After Grier's professional sports career, he worked as a bodyguard for Senator Robert Kennedy during the 1968 presidential campaign. Grier was guarding Ethel Kennedy when Senator Kennedy was shot. Although unable to prevent the assassination, Grier took control of the gun and subdued the shooter, Sirhan Sirhan.

Grier hosted his own Los Angeles television show and made approximately 70 guest appearances on various shows during the 1960s and 1970s.

Grier is known for his serious pursuit of hobbies not traditionally associated with men. Grier became an ordained Protestant minister in 1983 and travels as an inspirational speaker. He founded American Neighborhood Enterprises, a nonprofit organization that serves inner city youth.

Early life
Born in Cuthbert, Georgia as one of twelve children, Grier was named after Franklin Delano Roosevelt.

Grier played high school football at Abraham Clark High School in Roselle, New Jersey, graduating in 1951. At Penn State, he won the IC4A and Penn Relays shot put and discus, as well as qualifying for the javelin finals, and was a Track & Field All-American in 1954 and 1955.

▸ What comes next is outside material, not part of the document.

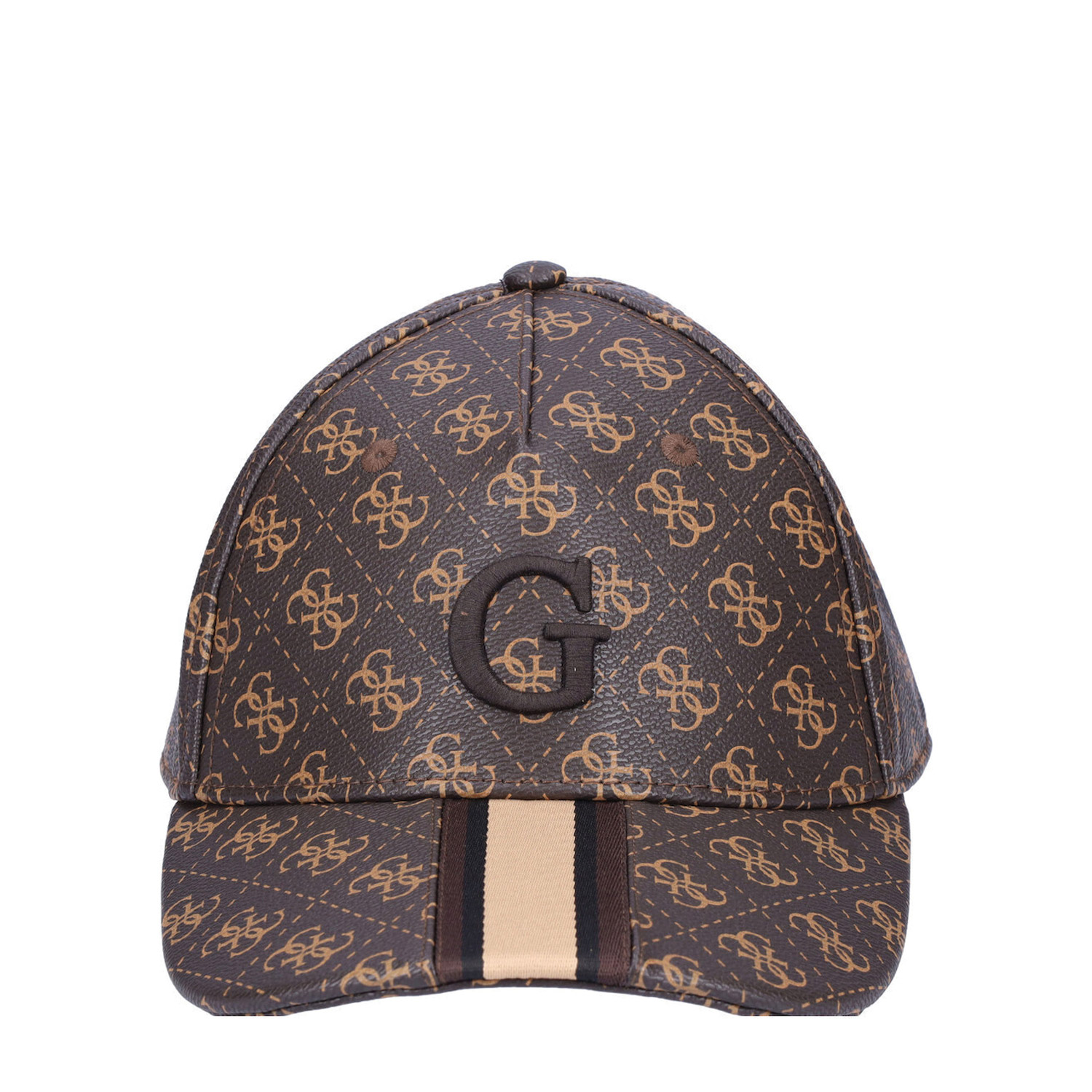 Ανδρικό jockey καπέλο από τον οίκο Guess. Το λογότυπο του οίκου Guess είναι κεντημένο στην μπροστινή πλευρά και επαναλαμβάνεται σε όλη την επιφάνεια του καπέλου.

Professional football career
After playing on the defensive line on the Penn State University football team, Grier was drafted as the 31st overall pick in the third round of the 1955 NFL Draft by the New York Giants. He played with the Giants from 1955 to 1962, during which he led the team to an NFL Championship in 1956 and the Eastern Conference Championship in 1958, 1959, 1961 and 1962. Grier was selected for the Pro Bowl in 1956 and 1960, and was named All-Pro at the defensive tackle position in 1956 and 1958–1962.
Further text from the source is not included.